On 16 January, Hitler returned to the partly bombed Chancellery in Berlin to be nearer to the Eastern Front. He now decided that the Western Front should go on the defensive to release troops to fight in the east. He also decided that they must hit the southern flank of the Russian spearhead and Hitler ordered Guderian to send the Sixth Panzer Army to Hungary. It was necessary, Hitler said, to hang on to the oil fields in Hungary, otherwise there would be no fuel for the Panzers.
General Nehring's XXIV Panzer Corps was stemming the Russian attack around Kielce, but the XLVI Panzer Corps had to pull out of the Warsaw area when it risked being encircled. It was supposed to go south to stop a Russian breakthrough that would cut East and West Prussia off from the rest of Germany. But the Russians threw it back on to the north bank of the Vistula and began their dash on the German border unhindered.
The German garrison in Warsaw now risked being cut off. Guderian told Hitler that they should be withdrawn, but he grew angry and insisted that Warsaw be held at all costs. But the garrison commandant had little artillery and only four infantry battalions with limited combat experience. It would have been impossible for them to hold the city and the commandant withdrew his garrison despite Hitler's orders not to.

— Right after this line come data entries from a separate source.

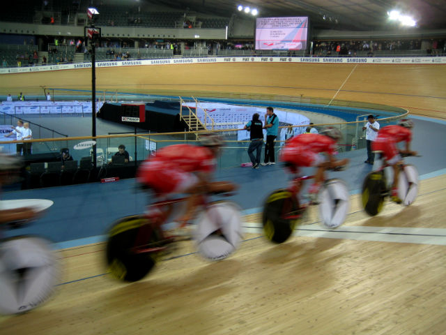 The track is made from Siberian pine, while the temperature in the velodrome is set at 28c in order to create super-fast racing conditions.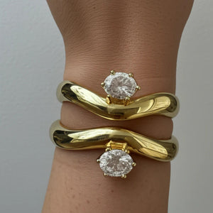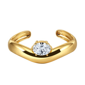 SELL WITH USA sculptural gold-tone cuff with a fluid wave shape and bold solitaire CZ. Minimalist, modern, and designed to stand out effortlessly.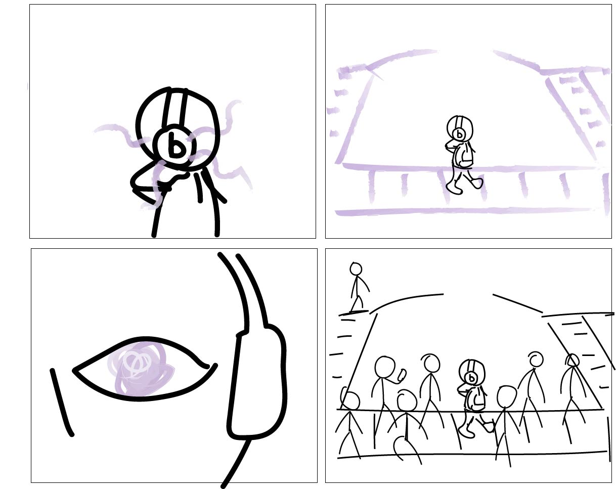 In the following panel, there is another close on the eye of the person that is listening to music. I changed the color of the eye to the same color of their imagination. The reasoning behind this is to find to the reader that everything that is purple in the scene is what the person that is listening to music is envisioning. Then in the final panel of the comic, the reader is finally introduced to reality and views what is going on around the person that is listening to music. The cross walk is crowded with people that are coming and going. Meanwhile the person that is listening to music is lost in their own imagination. The music is isolating them from rest of the crowed, placing them their own imagination. Even though they are still physical present in the crowd of people.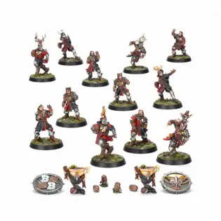 - 12 červených plastových hráčů Bretonnian týmu: 6x Bretonnian Squire Linemen, 2x Knight Catchers, 2x Knight Throwers, and 2x Grail Knight Blitzers, plus mince, žetony přehazování a extra míče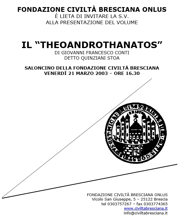 della Famia Bagossa. 21 Marzo 2003 - Sede della Fondazione Civiltà Bresciana. Presentazione del volume: "Il Theoandrothanatos" di Giovanni Francesco Conti detto Quinzani Stoa.< Saluti del Sindaco di Brescia, prof. Paolo Corsini. Coordinamento del dott. Aldo Pirola, direttore della Biblioteca Queriniana. Interventi del prof. Antonio De Prisco-Università di Verona. Presenti le Autrici Gianna Gardenal e Elisabetta Selmi dell’Università di Padova. Invito>> ==========================================

Hitler was furious and spent the next few days investigating the loss of Warsaw rather than devoting himself to more pressing matters. When Hitler ordered the arrest of members of the general staff, Guderian said that he alone was responsible for the loss of Warsaw, so it was he who should be arrested, not his staff. Nevertheless Hitler had three of Guderian's staff arrested at gunpoint. Guderian again insisted that he was the one whose conduct should be investigated, so ending up subjected to lengthy interrogations at a time when he should have been concentrating all his efforts on the battle for the Eastern Front. Two of his staff were then released, but instead of returning to their staff duties were sent to command regiments on the Eastern Front. Three days later one of them was killed. The third member of Guderian's staff was sent to a concentration camp, which he later swapped for an American prisoner of war camp.
On 18 January, the Germans in Hungary attacked in an attempt to lift the siege of Budapest. They fought their way through to the banks of the Danube. But that same day the Russians entered the city, so the effort had been wasted. Nevertheless Hitler sent the Sixth Panzer Army to Hungary in an attempt to hold the Russians there.
On 20 January, the Russians first set foot on German soil. Guderian's wife, who had been under constant surveillance by the local Nazi Party, was then allowed to leave and flee to the safety of Guderian's headquarters, half an hour before the first shell landed in Deipenhof.
The Russian onslaught could not be resisted. Hitler began to accuse his Panzer commanders of treason. Guderian tried to calm him, but Reinhardt and Hossbach were relieved of their commands.
The Russians had now mastered the art of Panzer warfare. They advanced rapidly, bypassing strongpoints and outflanking fortified lines - though most of the fortifications in the east had been stripped to build the Atlantic Wall. Germany's only hope now was that the Western Allies would realize what the rapid Russian advance might mean for the future of Europe and sign an armistice. Guderian said that he proposed to the German foreign minister von Ribbentrop that he open negotiations for an armistice on at least one front - preferably the Western. Von Ribbentrop told Guderian that he was a loyal follower of Hitler and he knew that the Führer did not want to make peace.
`How would you feel if in three or four weeks the Russians were at the gates of Berlin?' said Guderian.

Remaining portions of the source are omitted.